A group of plaintiffs had pushed for the class action, saying it was only logical that the cases should all be tried in New Jersey, where the company is based. They based their argument on the expectation that companies are required to abide by the laws in which their corporate offices reside.
The FDA approved Vioxx in 1999 for the reduction of pain and inflammation caused by osteoarthritis, as well as for acute pain in adults and for the treatment of menstrual pain.
It was the second of a new kind of NSAID (Cox-2 selective) approved by FDA. Subsequently, FDA approved Vioxx to treat the signs and symptoms of rheumatoid arthritis in adults and children. Vioxx quickly became one of Merck's biggest selling drugs.
At the time that Vioxx and other Cox-2 selective NSAIDs were approved, it was hoped that they would have a lower risk of gastrointestinal ulcers and bleeding than other NSAIDs (such as ibuprofen and naproxen).

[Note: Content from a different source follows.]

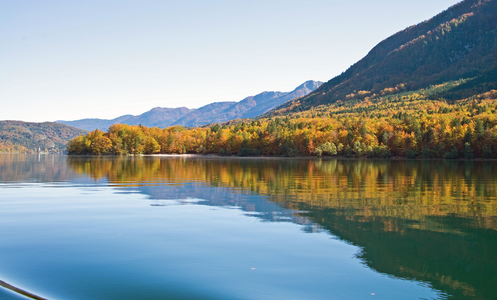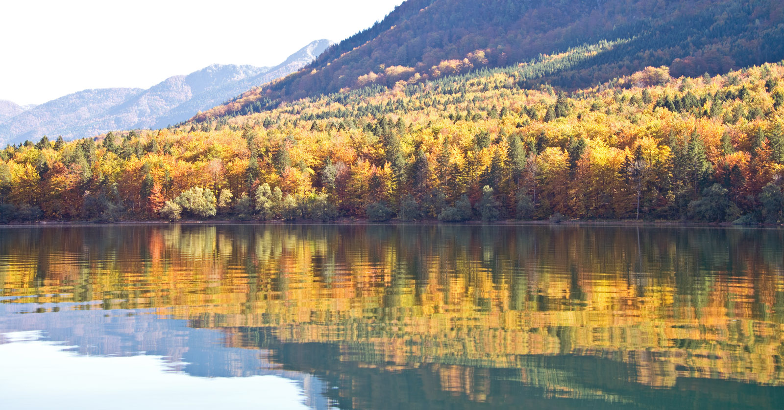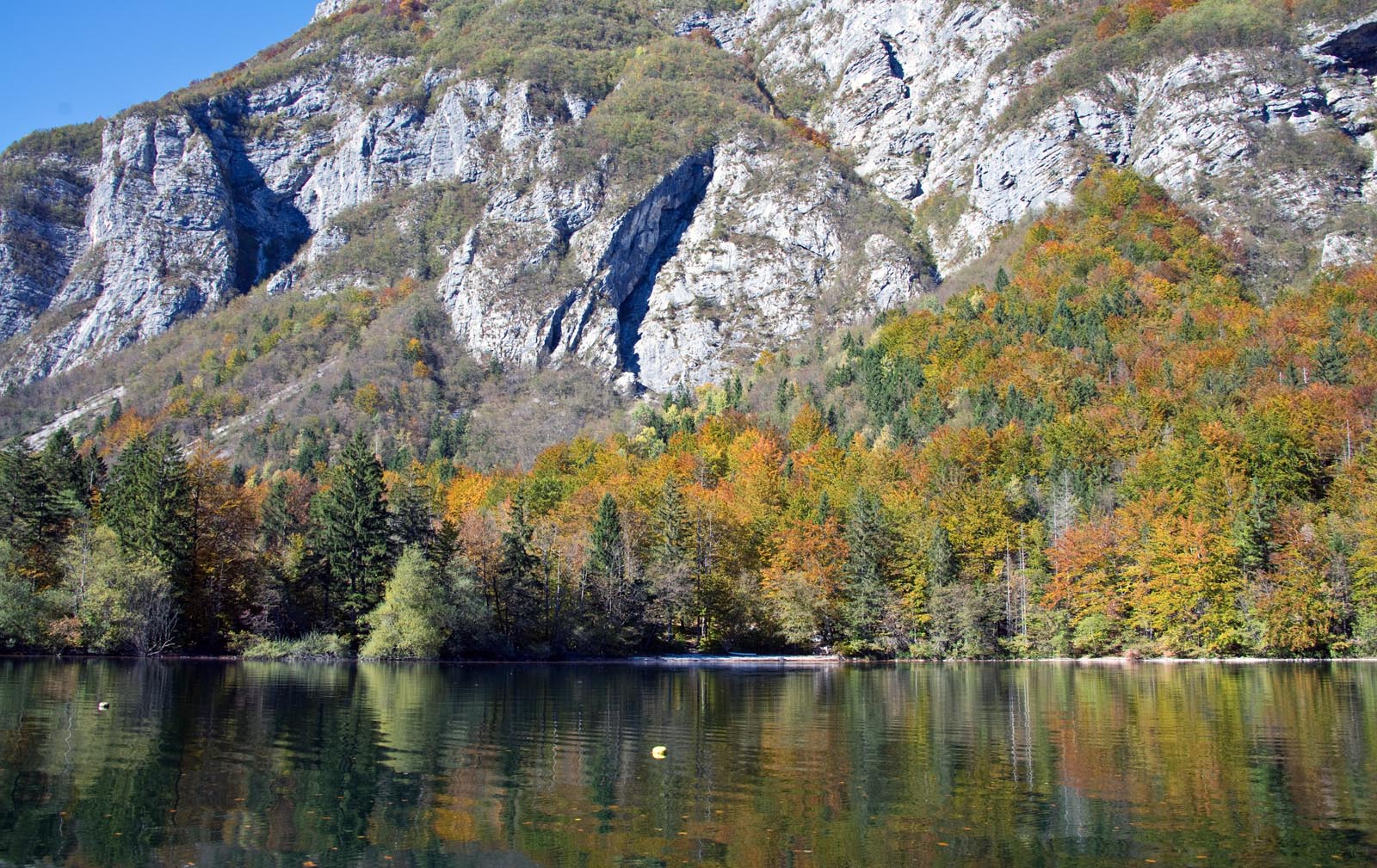 ボーヒン湖はブレッド湖から南西に30kmに位置する。ユリアンアルプスのトリグラフ国立公園の中にあり、澄んだエメラルドグリーンの幻想的な湖である。湖面に映る周囲の山の紅葉と岩肌が素晴らしいです。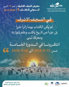 انّه الفضاء الذي يجتمع فيه الفكر وتلتقي فيه دور النشر وتُصنع فيه الحكايات الجديدة كل عام، تجربة قرائية بثقل مدينة النجف الاشرف وعمق تاريخها وروحها العلمية التي لا تنطفئ تقترب منكم من جديد، الدورة الخامسة لمعرض النجف الأشرف الدولي للكتاب والتي سوف تُقام للفترة من ١٥ – ٢٦ نيسان ٢٠٢٦

Vioxx was the only NSAID demonstrated to have a lower rate of those side effects.
Merck contacted FDA on September 27, 2004, to request a meeting and to advise the agency that the long-term study of Vioxx in patients at increased risk of colon polyps had been halted.
Merck and FDA officials met the next day, September 28, and during that meeting the company informed FDA of its decision to remove Vioxx from the market voluntarily.
Subsequent studies in patients taking Vioxx have also suggested an increased risk of cardiovascular events. FDA said it was in the process of carefully reviewing these results, to determine whether further labeling changes were warranted, when Merck informed the agency of the results of the new trial and its decision to withdraw Vioxx from the market.